Chief Judge of the United States District Court for the Eastern District of North Carolina
- In office October 8, 2011 – October 8, 2018
- Preceded by: Louise W. Flanagan
- Succeeded by: Terrence Boyle

Judge of the United States District Court for the Eastern District of North Carolina
- Incumbent
- Assumed office May 2, 2005
- Appointed by: George W. Bush
- Preceded by: William Earl Britt

Magistrate Judge of the United States District Court for the Eastern District of North Carolina
- In office 2004–2005

Personal details
- Born: James Columcille Dever III May 25, 1962 (age 64) Lake Charles, Louisiana, U.S.
- Education: University of Notre Dame (BBA) Duke University (JD)

= James C. Dever III =

American judge (born 1962)

James Columcille Dever III (born May 25, 1962) is an American attorney and jurist serving as a United States district judge of the United States District Court for the Eastern District of North Carolina.

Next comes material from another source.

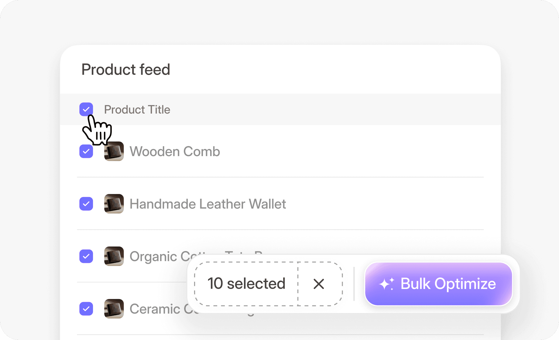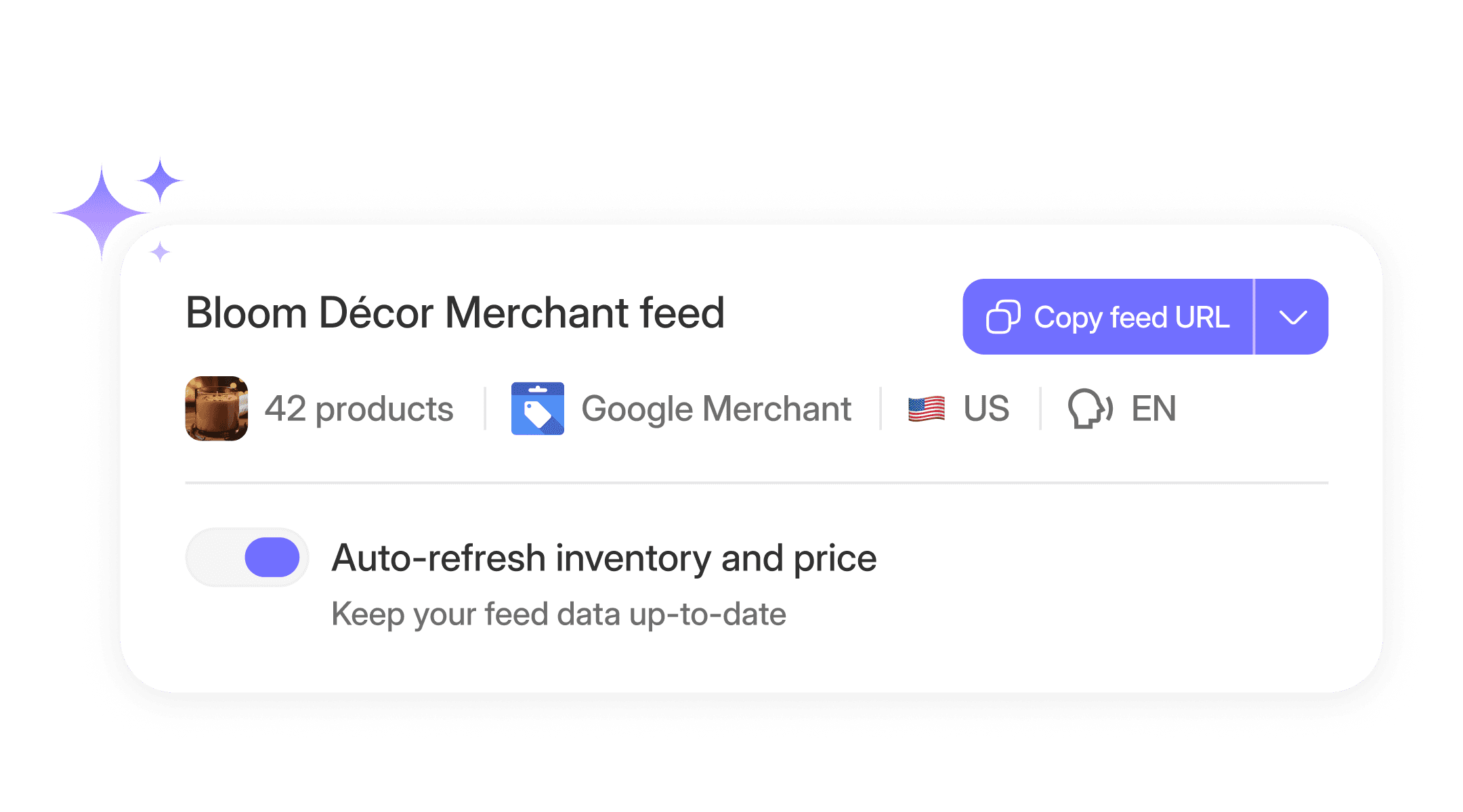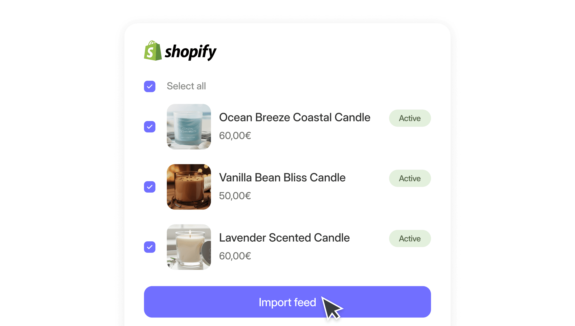 Generate a complete, ready-to-use Shopping feed in minutes — including titles, descriptions, and images.

==Early life and education==
Born in Lake Charles, Louisiana, Dever received a Bachelor of Business Administration with high honors from the University of Notre Dame in 1984 and a Juris Doctor with high honors from Duke University School of Law in 1987. At Duke, he served as editor-in-chief of the Duke Law Journal, was elected to the Order of the Coif, and received numerous academic awards.

==Career==
Dever was a law clerk to Judge J. Clifford Wallace of the United States Court of Appeals for the Ninth Circuit from 1987 to 1988. He served in the United States Air Force as a member of the General Counsel Honors Program from 1988 to 1992. He continued to serve in the United States Air Force Reserves 1992 to 2000. He was in private practice in North Carolina from 1992 to 2004. Dever has also served as an adjunct professor at the Norman Adrian Wiggins School of Law, Campbell University since 1997. He is currently a Senior Lecturing Fellow at Duke University School of Law, a position he has held since 2008. In 2014, Chief Justice John Roberts appointed Judge Dever to serve on the Advisory Committee on Criminal Rules, where he served until 2021. In 2022, Chief Justice Roberts appointed Dever as Chair of the Advisory Committee on Criminal Rules, where he served until September 2025. In October 2025, Chief Justice Roberts appointed Judge Dever to serve as Chair of the Committee on Rules of Practice and Procedure (i.e., the Standing Committee). The Standing Committee oversees supervision of the federal judiciary's rulemaking process and oversees and coordinates the work of the Advisory Committees on the Federal Rules of Evidence and of Appellate, Bankruptcy, Civil, and Criminal Procedure.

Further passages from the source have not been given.